1. Getting Started
One of the most difficult steps in writing a paper is the very first step. We may have many great ideas for a certain assignment, but we can feel pretty lost when it comes to getting started with the writing--we don't always know where and how to write the beginning sentences. To avoid frustration, you can start out with a mind dump and just dump your random thoughts onto paper. For this exercise, you should dump your thoughts onto paper in small text boxes.
Imagine that your writing assignment is to explore symbolism in the childhood tale of Little Read Riding Hood. In the samples provided to the left (click to enlarge), you will see several text boxes that contain random thoughts concerning events and symbols in the story.
2. Creating Text Boxes
To create a text box in Microsoft Word©, simply go to the menu bar and select Insert -> Text Box. Your cursor will turn into a cross-like shape that you can use to draw a box.
Create a few boxes and begin writing random thoughts inside each one. You can format and arrange the boxes later.
At first, you don't have to worry about which thoughts represent major topics and which represent subtopics. After you've dumped all your thoughts onto paper, you can start to arrange your boxes into an organized pattern. You will be able to move your boxes around on the paper by clicking and dragging.
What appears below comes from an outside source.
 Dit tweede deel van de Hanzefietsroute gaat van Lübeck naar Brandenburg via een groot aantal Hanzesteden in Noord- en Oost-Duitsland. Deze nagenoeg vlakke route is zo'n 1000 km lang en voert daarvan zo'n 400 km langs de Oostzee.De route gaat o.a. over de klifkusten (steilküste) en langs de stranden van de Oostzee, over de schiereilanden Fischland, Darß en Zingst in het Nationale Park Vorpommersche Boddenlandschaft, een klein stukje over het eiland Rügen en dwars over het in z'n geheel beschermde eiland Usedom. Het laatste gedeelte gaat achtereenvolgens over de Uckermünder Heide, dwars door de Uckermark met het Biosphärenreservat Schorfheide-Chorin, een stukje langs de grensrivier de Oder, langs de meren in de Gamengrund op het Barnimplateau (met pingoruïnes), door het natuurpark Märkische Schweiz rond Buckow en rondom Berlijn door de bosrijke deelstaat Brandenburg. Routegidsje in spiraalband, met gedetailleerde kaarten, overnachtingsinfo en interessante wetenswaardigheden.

3. Arranging and Organizing
Once you have exhausted your ideas by dumping them into boxes, you are ready to identify the major themes. Decide which of your boxes contain major ideas and line them up on the left.
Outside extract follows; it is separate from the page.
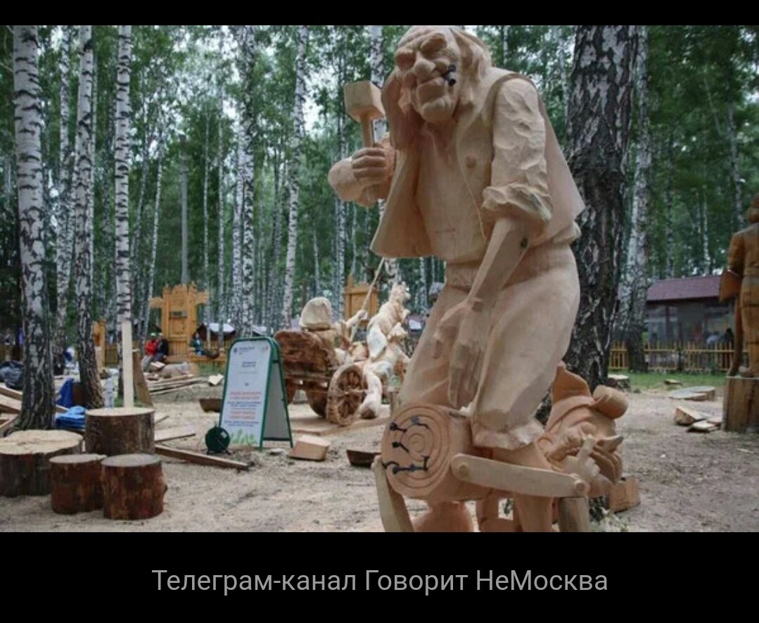 Тут культурное событие случилось. Фестиваль «Праздник топора» в Томске. Там прошёл конкурс деревянных парковых скульптур. Победила работа под названием "Воспитание" автор Матерков. Фамилия говорящая) Скульптура изображает папу Карло, который наказывает Буратино за непослушание, вбивая в него гвозди. Прямо в то, что можно считать попой Буратино. Автор денежный приз за победу планирует пропить или купить на него новые сапоги жене. Никакого смысла там нет, работа сделана по карикатуре, просто показал мастерство свое, то, что умею, как умею владеть резцом, работать с деревом. Приз пропью. А что с ним делать еще? Ну, куплю жене сапоги Об этом резчике по дереву очень хорошо отзываются коллеги. И по работам видно, что он мастер. Александр - величина Российского значения в мире деревянной скульптуры. Александр Матерков не просто велеколепный скульптор. Это Маэстро "прикольного" жанра, хулиган и балагур в хорошем смысле. Среди его работ вы не найдёте скучных, статичных, академическ

Then arrange the corresponding or supporting thoughts (subtopics) on the right side.
You can also use color as an organization tool. Text boxes can be edited in any way, so you can add background colors, highlighted text, or colored frames. To edit your text box, just right-click and select edit from the menu.
Continue to add text boxes until your paper is completely outlined--and perhaps until your paper is completely written. You can select, copy, and paste text into a new document to transfer the words into paper paragraphs.